WHAT IS EXPECTED: From the line holding "袋帯 逸品 白綾苑大庭 落款あり 関西仕立て 舟 流水 箔 青灰色 六通 正絹" through the line holding "Mean percentage of" below, write out every line exactly; include both of those lines and drop the pictures.

EXCERPTED DATA:
=== Begin Enclosure ===
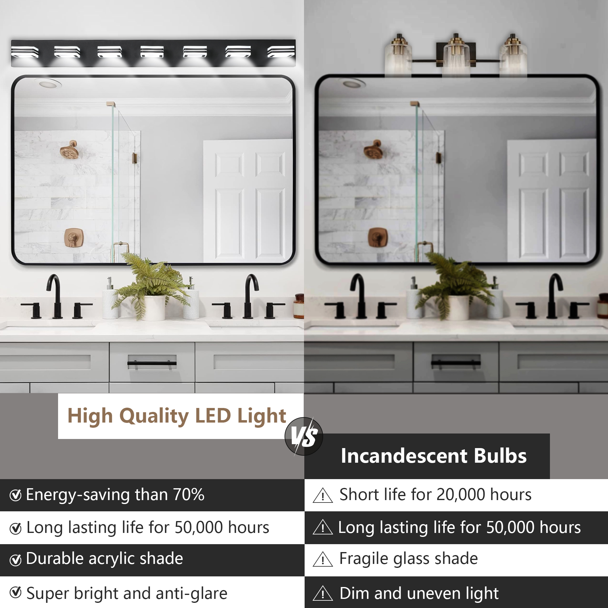 NEOSGO 45" Modern Black 7-Light LED Vanity Light, Square Acrylic Lampshades Wall Mount Fixture for Bathroom, Mirror Lighting is designed to improve daily bathroom routines with a clearer mirror area and more useful lighting around the vanity space. The product presentation suggests a modern wall-mounted mirror intended for grooming, makeup, skincare, shaving, and other tasks that benefit from more even front-facing light. It works especially well in bathrooms, powder rooms, and remodeled vanity areas where customers want the mirror to provide both practical function and a cleaner visual upgrade. This type of mirror is a strong fit for shoppers looking to make the room feel brighter, more modern, and easier to use every day. Overall size is approximately 47.83 x 6.89 x 6.3 inches with a listed weight of 9.8. The current listing includes 12 product images, which help clarify the product shape, proportions, and visual placement in a real room setting.
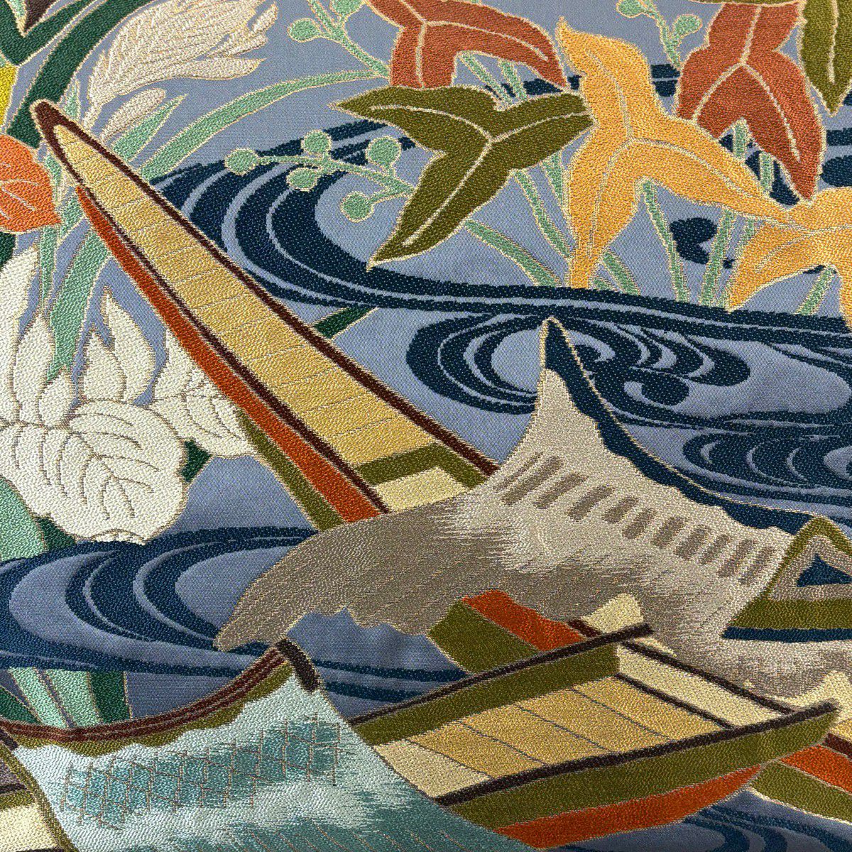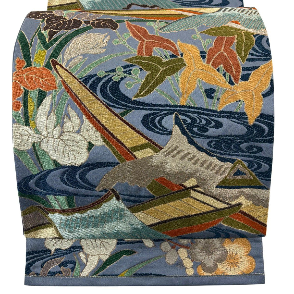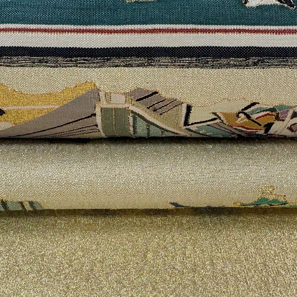 袋帯 逸品 白綾苑大庭 落款あり 関西仕立て 舟 流水 箔 青灰色 六通 正絹
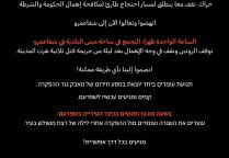 احتجاج متواصل يبدأ اليوم الأربعاء الساعة 13:00 في مدينة شفاعمرو، وذلك في أعقاب جريمة القتل الثلاثية التي وقعت صباح اليوم.
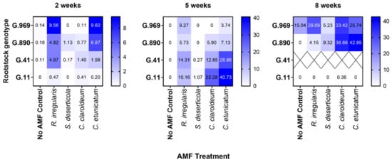 Mean percentage of root colonization in four different apple rootstock genotypes inoculated with four different species of AMF in Experiment 2. Heatmaps are shown for 2, 5, and 8 weeks post AMF inoculation, respectively. Data represent the mean of three biological replicates (× three technical replicates each) per rootstock × AMF combination per timepoint. G.41 could not be included in the 8-week analysis due to an insufficient number of plantlets.
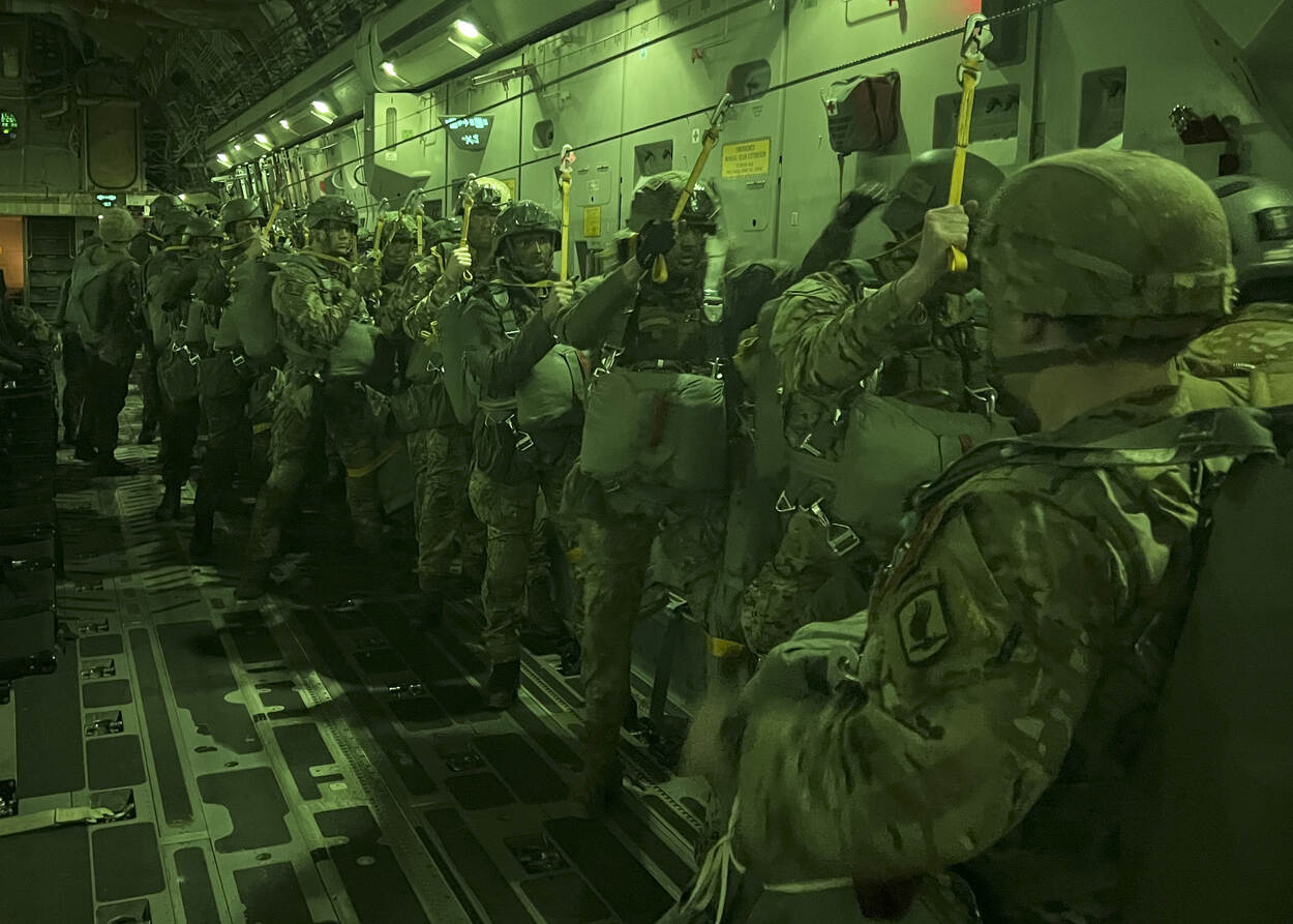 Personeel van 11 Luchtmobiele Brigade en 503 Parachute Infantry Regiment lijnen op voor een static line sprong uit een C-17 Globemaster III van 62d Airlift Wing boven Griekenland. De foto is genomen tijdens de oefening Swift Response, gerelateerd aan Air Defender ‘23. De oefening focust op snelle strategische ontplooiing van troepen van de U.S. Army Europe en U.S. Air Forces Africa, samen met troepen van bondgenoten en partners. (foto: U.S Air Force, Senior Airman Callie Norton)
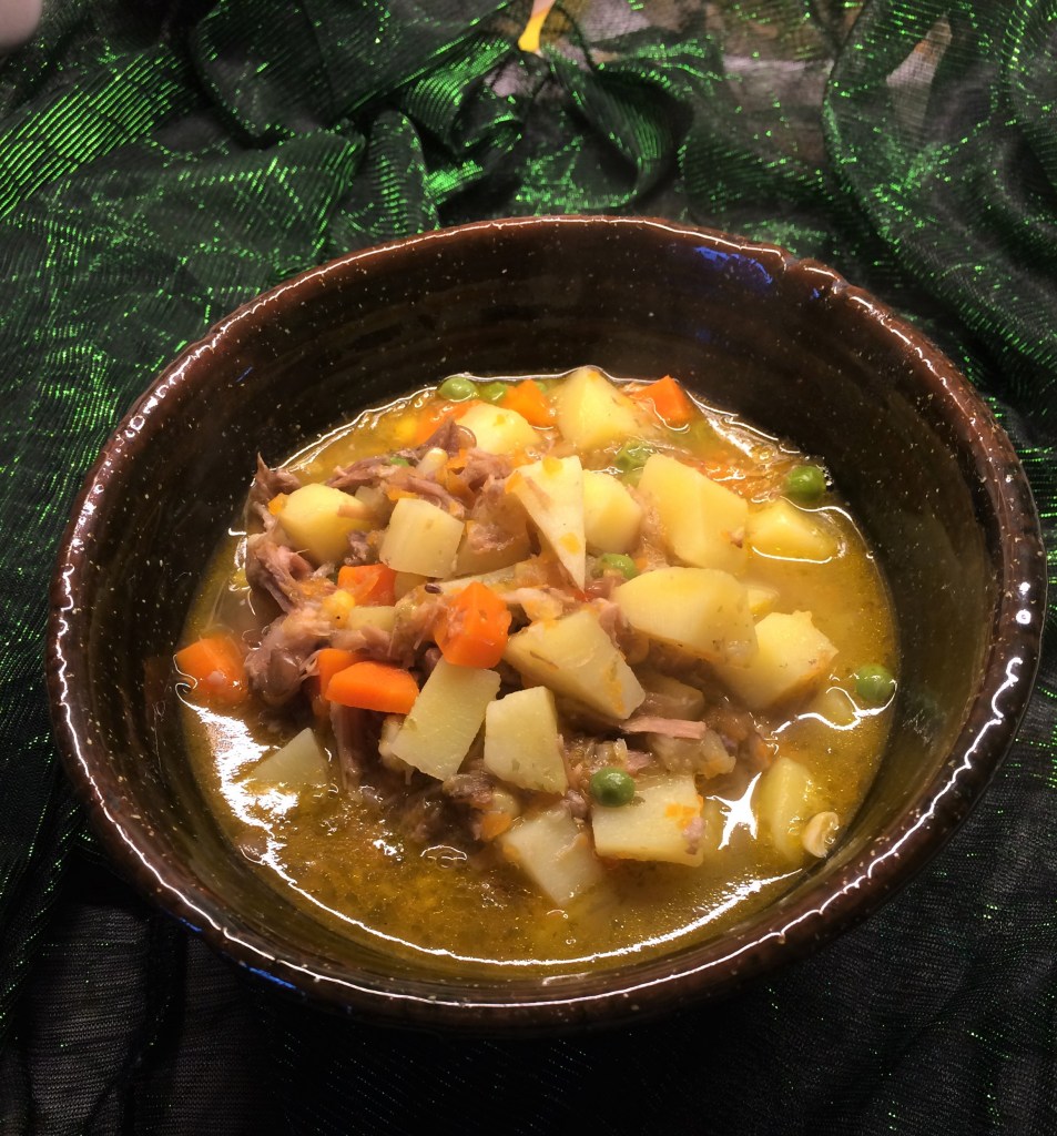Once I got it home and washed, I dreamt of the soup I’d eat from it. The more I stared at the bowl, the more inspired I was to make soup. So, the day after I baked a pork roast, I took the leftover scraps of meat and the cooking juices and made this delicious soup.
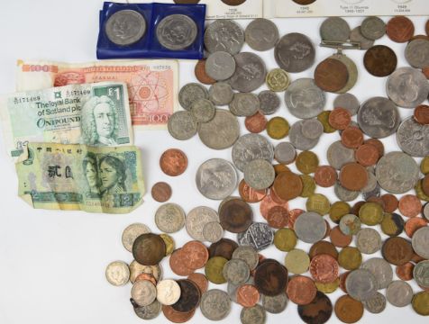 A quantity of UK coinage George III onwards, includes some sets, crowns, banknotes, redeemable examples, etc
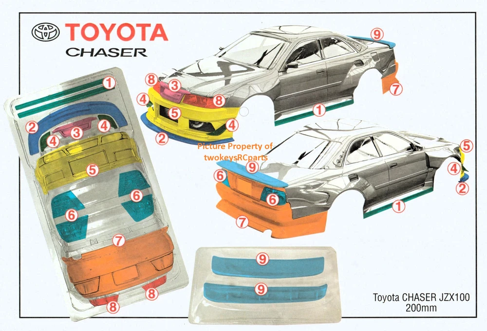 AS ALWAYS - before purchase - check the specs given below to ensure this body shell is suitable for your needs. CLEAR UNPAINTED LEXAN BODY SHELL to suit a 1:10th scale race, drift or touring car. Body shell is as per pics #3 ~ #8 --Toyota JZX100 Chaser- Supplied with decals pics #9. Also supplied are body enchacement parts, double sided tape and mounting hardware -see pic #8. Instructions to aid assembly are also included -see pic #10. Pic #1 is for reference only- to show the general shape of the body and as an aid for decal placement. So please check the pics out and read the ad. Body shell is for a chassis (wheelbase) of 258 mm and a wheel track of 200mm.( manufacturers specs quoted) Item is new. Body is well finished and made of strong Lexan. Shells are covered with clear spray film. This item will be sent in a box (for safety) not a bag. Body shell may be trimmed for postage purposes so excess plastic may be less than shown in pics. Part # 100 Check out other great bargains in my E b a Y store , including more body shells. I am not a "drop shipper", all products are in stock in Australia being sold by an Australian seller POSTAGE - AUSTRALIAN CUSTOMERS . If you want to use the Express Post service please buy one item and select Express post, then buy any other items you want with regular post (the default option). All items will be sent together via Express Post service……… INTERNATIONAL CUSTOMERS . For post quotes for multi item orders please message me. Thanks. All duties and taxes (if applicable) are the responsibility of the buyer. If you have any questions or special requests regarding this please feel free to message me. Manufacturers are constantly improving products and changes are made without prior notice. This means that changes can be made to products (including slight colour changes) from time to time. These changes in no way constitute any intent to change the basic description of an item, nor do they constitute a reason for an items return or warranty replacement. Return Policy: Any returns will be handled as per Ebay’s return policy. Returned items must be new, unopened and undamaged. Opened returns will attract a 50% “reduced value” fee. Any unrecoverable costs and fees incurred (by me) will be deducted from any refund issued. Warranty: items have a 30 day warranty, except drift wheels – which is ‘dead on arrival’ only. Warranty doesn’t cover crash damage, poor maintenance, misuse or incorrect assembly. Warranty covers sold items only.
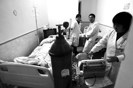 隔著窗戶,記者看到搶救室是一間病房,里面有氧氣瓶和監護儀等設施。死者靜靜地躺在病床上,身體被被子包裹著,在他身旁,監護儀顯示心跳已成一條直線。室內,4名醫護人員無奈地或坐或站。在他們記錄的病歷上顯示,他們已被困在屋內好幾個小時了。
=== End Enclosure ===
REPLY TO THE TASK:
 袋帯 逸品 白綾苑大庭 落款あり 関西仕立て 舟 流水 箔 青灰色 六通 正絹
 احتجاج متواصل يبدأ اليوم الأربعاء الساعة 13:00 في مدينة شفاعمرو، وذلك في أعقاب جريمة القتل الثلاثية التي وقعت صباح اليوم.
 Mean percentage of root colonization in four different apple rootstock genotypes inoculated with four different species of AMF in Experiment 2. Heatmaps are shown for 2, 5, and 8 weeks post AMF inoculation, respectively. Data represent the mean of three biological replicates (× three technical replicates each) per rootstock × AMF combination per timepoint. G.41 could not be included in the 8-week analysis due to an insufficient number of plantlets.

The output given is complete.